Switching from the Celtic world to the Chinese we have the five-movement Chinese Folk-Song Suite. Oriental idioms can be heard but the most affecting is the War Widow’s Lament. As with all this music it is easy to assimilate but is written (and played) with genuine depth of feeling. The tripartite Ghanaian Suite, less than half the length of the Chinese Suite, was inspired and more, by a published collection of Ghanaian folk songs. Stevenson came into contact with these in 1965 while employed in South Africa, just before he came back to the UK to settle in Scotland. To my ears these three pieces are less fixed with local colour. On the other hand, perhaps I am not familiar enough with the idiom. I might well need an immersion course in Ghanaian music. This music feels more supply responsive to Western models. In that sense it is somewhat like Alan Bush's anti-Apartheid Symphonic Movement for piano and orchestra - Africa.

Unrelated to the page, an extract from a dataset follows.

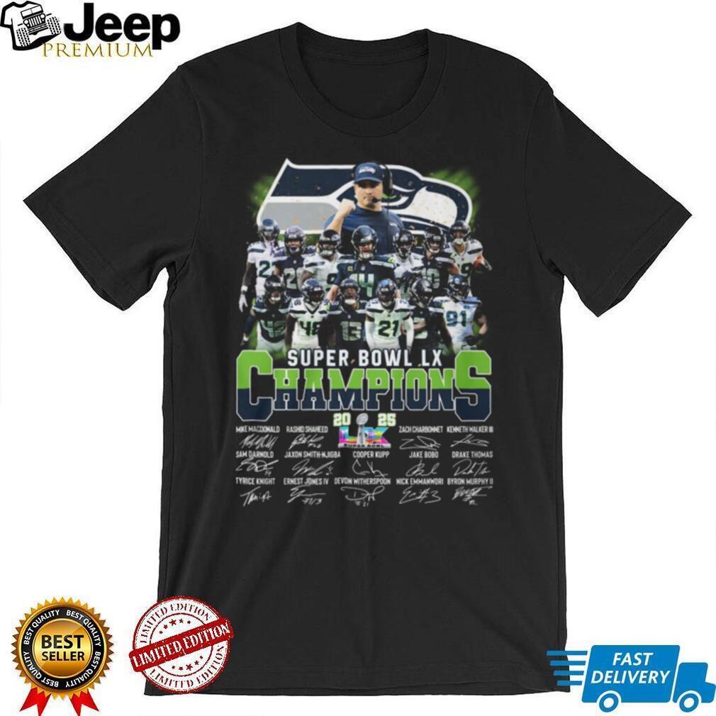 Seahawks Super Bowl LX Champions Coach Mike Macdonald & Players Signatures Shirt, Treat yourself or make a great gift for your loved ones
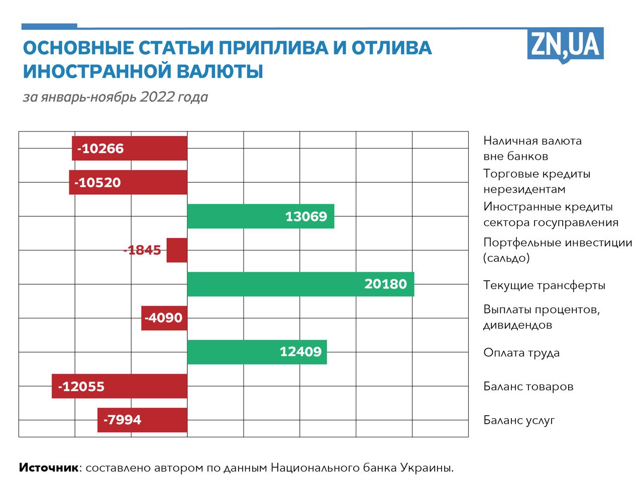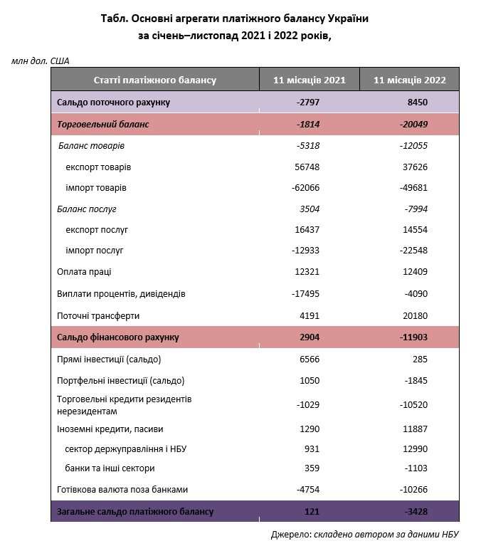 За январь—ноябрь 2022 года баланс текущего счета платежного баланса был положительным и достиг 8,5 млрд долл. США, в то время как за аналогичный период 2021-го имел место отрицательный баланс размером 2,8 млрд долл. Формирование профицита текущего счета было связано с увеличением текущих трансфертов за счет грантовой поддержки и гуманитарной помощи международных партнеров, а также с сокращением выплат дивидендов и процентов по кредитам. С другой стороны, дефицит торгового баланса увеличился с 1,8 млрд долл. до 20 млрд при драматическом сокращении как экспорта, так и импорта. При этом дефицит торговли товарами вырос более чем вдвое — до 12,1 млрд долл., а профицит торговли услугами сменился его дефицитом, достигнув 8 млрд долл. Основной причиной этого изменения стали траты украинских беженцев за границей в сумме 13,8 млрд долл. (которые отображались в составе импорта услуг).

We end with three Scottish pieces. Bonny at Morn is a gently-breathed outline of the famed folk song. The High Road to Linton ripples with the energy of muscular calves projecting the traveller to Linton. It’s a tune ascribed to a fiddler who had in earlier years lived in the house occupied by Stevenson. The collection ends with the brief jubilee flourish that is Barra Flyting Toccata. “Flyting” is, I discover, a contest between two Barra-folk in persiflage and insults. The victory is won in short order.
 
Christopher Guild's playing - which we are already accustomed to - is brilliant as to both affecting poetry and blood-stirring fire. The audio side is quite the apposite of being a hindrance to this music and these performances.